On achievement, the district reported growth on the state'aligned measures: the districtwide MPI rose from 396 (02/2022) to 403 (02/2024), and math moved from 397.9 to 407.7 in the most-recent comparison. The presentation said designation at or above 400 is the state'defined "target" rating. District leaders described the most significant gains as occurring in math and science.
Reading Success Plans (RSPs), the state-mandated remediation process introduced three years ago, featured prominently. Academic services staff described how RSPs are identified and serviced across teams: classroom teachers provide tier 1 and tier 2 instruction; reading interventionists provide daily, intensive interventions (about 30 to 40 minutes a day); and literacy coaches support teachers' practices. "Literacy coaches actually don't work directly with students. They're there to support teachers," said Kim (reading intervention lead).
Presenters shared multi-year RSP counts: the district added about 730 students identified with RSPs from the first to second year of the program, and an increase of about 326 students in the most recent year (with a caveat that kindergarten qualifying does not occur until November). The district said it has exited 303 students from RSPs in grades 1 through 7 and is monitoring another 235 students on tier 1 intervention who could be released after winter diagnostics.
Staff described exit criteria: students must demonstrate proficiency on two consecutive diagnostics in all qualifying domains to exit an RSP. The district also noted it does not age students out of RSPs; students who have not met exit criteria remain on plans as they progress through grades.

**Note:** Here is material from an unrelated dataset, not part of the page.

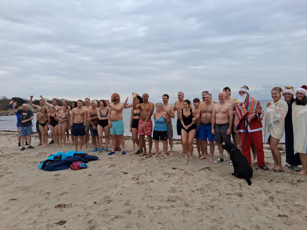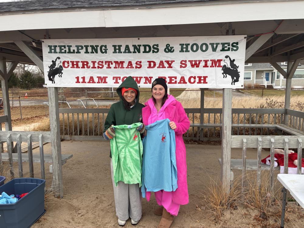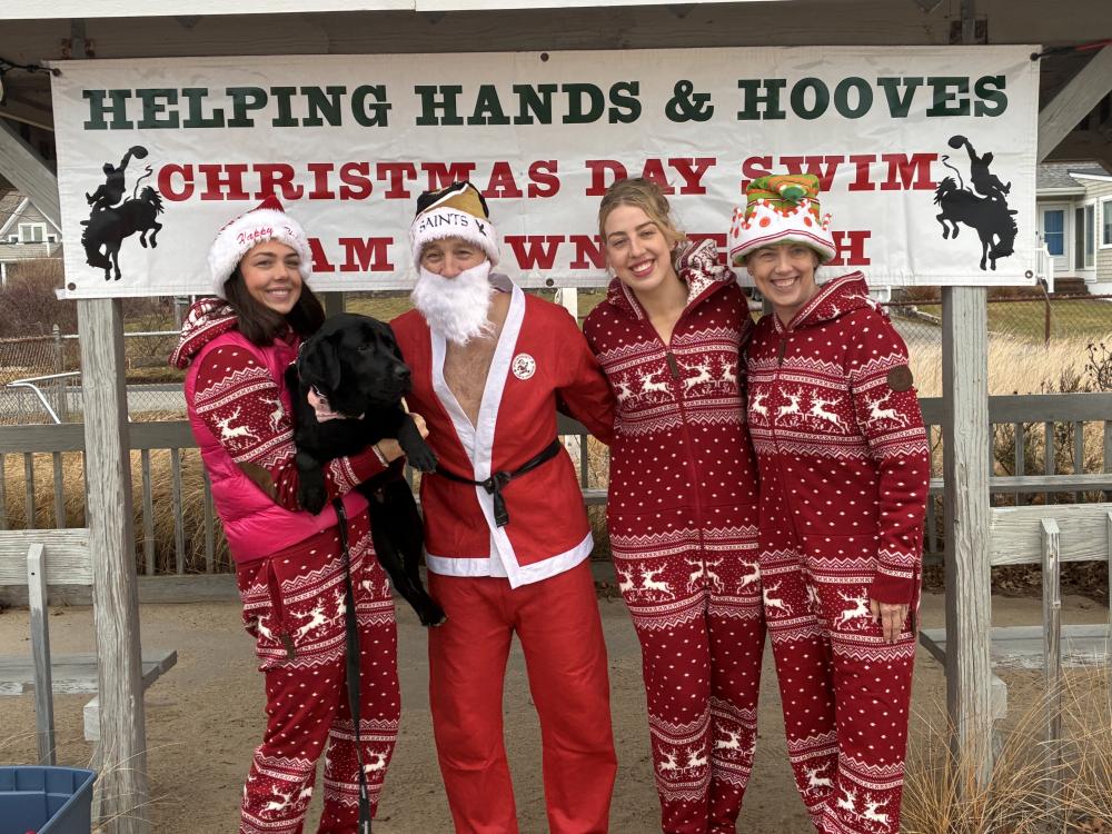 About 45 people attended Helping Hands and Hooves’ 22nd annual Christmas Daw Swim at Mattapoisett Town Beach, and they raised about $1,500.

Board members asked about teacher workload, use of PLC time, and whether the volume of data and assessment tools overloads teachers. "We tell ourselves all the time, like, keep the model, keep it simple," said one member of academic services about the department's attempt to simplify reports before they reach teachers. Presenters said they are exploring schedule changes (for example, reallocating part of a full professional development day to PLC work) and have already discussed options with the Wentzville NEA.
The presentation also described district-wide supports: 99 teachers are in the Beginning Teacher Assistance Program (BTAP) and mentor program; four technology coaches support Canvas and digital resources across 25 buildings and 1,745 classrooms; and the district provides in-house LETRS training for literacy. The academic services team said they will continue to align curriculum, assessments and proficiency skills and emphasized a strategy of "go deep, not wide" for professional learning to avoid continually layering new initiatives onto teachers.

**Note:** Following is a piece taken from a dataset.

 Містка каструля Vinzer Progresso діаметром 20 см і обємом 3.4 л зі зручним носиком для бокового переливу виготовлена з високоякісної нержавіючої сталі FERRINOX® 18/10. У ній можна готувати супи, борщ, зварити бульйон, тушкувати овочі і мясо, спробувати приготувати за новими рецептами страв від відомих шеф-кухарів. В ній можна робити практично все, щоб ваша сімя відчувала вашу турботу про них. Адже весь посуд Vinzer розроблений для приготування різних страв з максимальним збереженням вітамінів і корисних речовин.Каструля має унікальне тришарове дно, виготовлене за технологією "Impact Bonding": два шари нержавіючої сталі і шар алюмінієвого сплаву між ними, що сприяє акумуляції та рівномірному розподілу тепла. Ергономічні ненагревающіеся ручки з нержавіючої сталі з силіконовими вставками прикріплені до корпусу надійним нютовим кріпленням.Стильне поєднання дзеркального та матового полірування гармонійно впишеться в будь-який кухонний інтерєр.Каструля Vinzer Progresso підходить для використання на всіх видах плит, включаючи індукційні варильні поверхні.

In question-and-answer, board members pressed for clarity about data comparisons across years and buildings, cohort growth measures, and how assessment changes (such as a new ELA adoption) affect short-term scores. Staff said growth scores calculated by the state will be presented with the APR and that the district will provide building-level data in coming meetings.
The district closed the presentation by noting follow-up actions: rollout of MasteryConnect training, ongoing curriculum updates (40 curricula were slated to come for board review by spring), continued work on RSP step 2 and the district's comprehensive literacy plan, and further data reporting. Academic services leaders asked the board for time to continue reviewing the data and for flexibility while they test schedule and reporting adjustments.
Ending: Board members thanked staff for the presentation and said they would continue to monitor progress and expect additional building-level data and the APR at a future meeting.